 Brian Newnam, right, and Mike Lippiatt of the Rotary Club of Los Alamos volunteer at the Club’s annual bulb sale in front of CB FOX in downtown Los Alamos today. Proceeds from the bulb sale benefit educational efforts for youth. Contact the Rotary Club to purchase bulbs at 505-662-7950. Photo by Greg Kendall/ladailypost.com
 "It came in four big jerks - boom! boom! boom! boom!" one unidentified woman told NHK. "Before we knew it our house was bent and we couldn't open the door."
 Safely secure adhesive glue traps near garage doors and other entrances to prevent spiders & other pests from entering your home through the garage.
◆ ◆ ◆
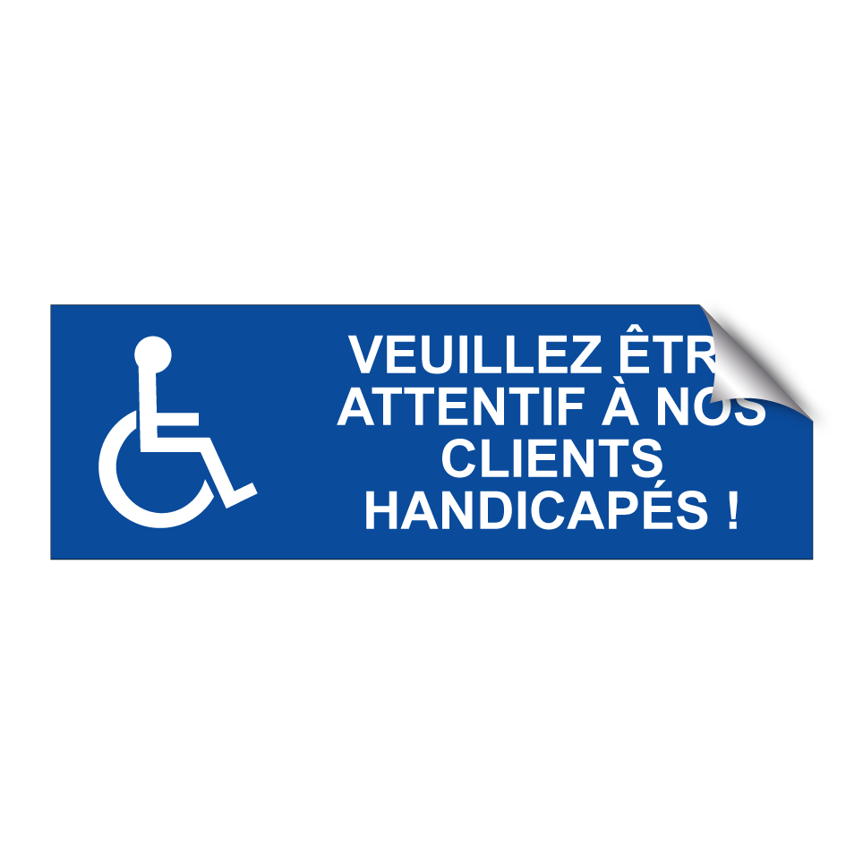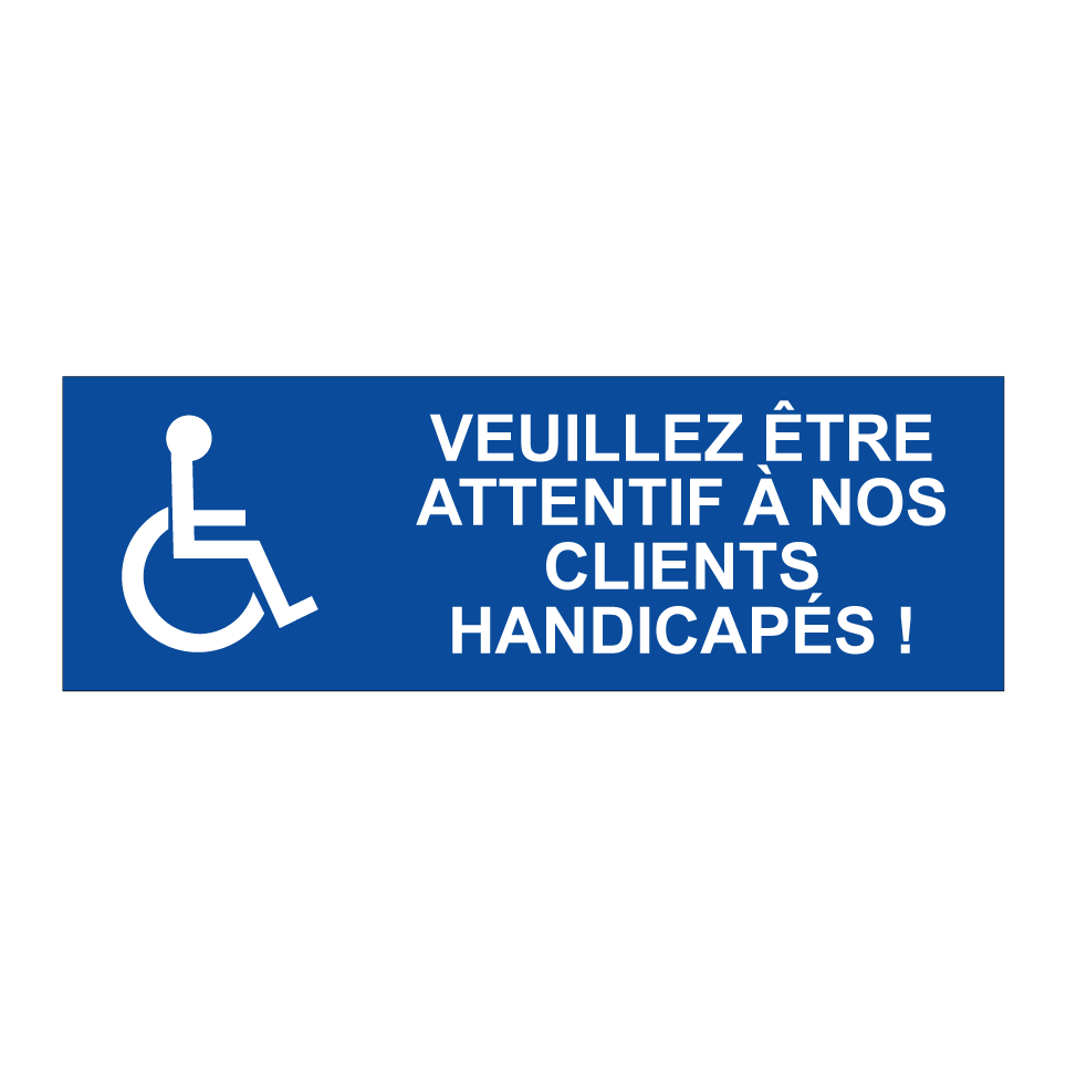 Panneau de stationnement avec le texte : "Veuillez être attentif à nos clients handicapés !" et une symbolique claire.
◆ ◆ ◆
Please show every line of the records that holds the word "from".

 Brian Newnam, right, and Mike Lippiatt of the Rotary Club of Los Alamos volunteer at the Club’s annual bulb sale in front of CB FOX in downtown Los Alamos today. Proceeds from the bulb sale benefit educational efforts for youth. Contact the Rotary Club to purchase bulbs at 505-662-7950. Photo by Greg Kendall/ladailypost.com
 Safely secure adhesive glue traps near garage doors and other entrances to prevent spiders & other pests from entering your home through the garage.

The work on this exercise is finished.